The financial savings is equivalent to the salaries of two faculty members . Because Sakai is designed, developed, and supported on an open-source basis by the higher education community, our costs for Sakai are a fraction of those incurred for our current LMS. In the "new normal," cost effectiveness has taken on a new sense of urgency, particularly for commodity services that are important but not necessarily strategic. We have less need for a monolithic LMS that attempts to include every possible new technological bell and whistle with every major or minor software update. While cost has not driven our decision-making, the effect of swapping a six-figure annual maintenance bill for a much lower five-figure annual maintenance bill cannot be overlooked. This savings will provide us with a greater pool of discretionary resources to support other technology and learning programs across the institution.

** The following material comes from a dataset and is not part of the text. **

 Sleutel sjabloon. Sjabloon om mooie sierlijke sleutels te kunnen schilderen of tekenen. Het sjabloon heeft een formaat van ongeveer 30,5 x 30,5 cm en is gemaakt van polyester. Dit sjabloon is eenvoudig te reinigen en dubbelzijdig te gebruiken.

We are very proud of the fact that this transition has provided our IT staff another opportunity to play a broader consultative and advisory role to our faculty and campus leaders on an issue of critical importance to the institution at large. This project was not undertaken upon the request of those outside IT, but was an opportunity that was conceived, executed, and led by our technology and learning staff. Our planning process involved the participation of hundreds of faculty and students, required presentations at dozens of meetings, and necessitated buy-in from our faculty and approval by the provost and deans. Serving as a change advocate regarding the effective delivery and use of technology, particularly in the technology and learning space, is an increasingly important role for our IT organization. In this regard, our staff has performed magnificently.

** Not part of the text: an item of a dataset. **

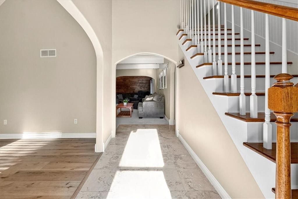 Welcome to this spacious & inviting 1.5 story home in the award winning Olathe School District, located just minutes from highway access, shopping, dining, and more! This 3 bedroom, 2 bathroom, 2 car garage GEM offers desirable ONE LEVEL LIVING with the primary bedroom on the main level, situated on a large lot in a picturesque, tree-lined cul-de-sac. Step inside & you’ll instantly appreciate the open floor plan creating a warm & inviting space, plus SO MUCH CHARACTER featuring arched doorways, vaulted ceilings, stone curved fireplace, rustic beams, and a soaring wooden accent wall. Conveniently laid out, each room flows effortlessly into the next, providing plenty of space to spread out. Enjoy meal prep and entertaining in the eat-in kitchen, while the formal dining room is perfect for special occasions. Upstairs, you’ll find two additional bedrooms and a full bath—ideal for family, guests, or a home office. Love the outdoors? Step out back to beautiful mature trees, storage shed & large deck overlooking the expansive backyard, great for relaxing or hosting barbecues. This home is truly move-in ready with freshly painted walls, newer carpet and LVP flooring, new wood siding, new chimney, and recently stained deck. Plus, enjoy peace of mind with a newer ROOF and HVAC system, as well as knowing the extensive foundation work has already been completed with a transferable lifetime warranty. All of this in an unbeatable location, near everything Johnson County has to offer, yet nestled in a quiet, highly sought after community, providing both privacy & accessibility. This home provides a fantastic combination of character, space, & convenience. Schedule your private showing NOW & see what makes it truly exceptional!

Reconsidering the mission, purpose, and role of the learning management system provides IT organizations with the opportunity to play an enhanced leadership role that goes beyond that of technology mechanics. My words of advice for other IT leaders contemplating similar initiatives include the following:

Don't shy away from this type of challenge: Lead . Although touching the LMS is often fraught with peril, you can have success with this type of transition, if it results from an inclusive process that is open, transparent, driven by data and analysis, and characterized by strong communication with faculty and students.

Let faculty be your advocates . Early on, we reached out to those faculty members who were known to be early adopters of technology services and brought them on board with the pilot project. Over the course of a year, we invested in this group by sending them to both training and conferences. As we neared the completion of our pilot phase, these faculty members became our most important advocates as we began discussing our recommendations with our faculty. Early and ongoing faculty participation from the inception of a project such as this is critical.

Use data to break the ice with difficult change initiatives . While relying exclusively on quantitative data is often counterproductive, resistance to LMS change efforts is often based on closely held myths that sometimes fall apart under scrutiny. Properly used benchmarks and other measures are effective tools in any change initiative.

As we complete the transition to Sakai, our institution now benefits from a tool that is more aligned with the needs of our institution--one that provides a better user experience for our faculty and students, is easier to administer and support, and is far more cost effective. Most importantly, though, we have learned that even the toughest change initiatives can be accomplished when we work together, communicate openly and transparently, and confidently engage the prospects that arise. Through prudent and inclusive planning, IT organizations can boldly confront opportunities at the heart of the educational enterprise.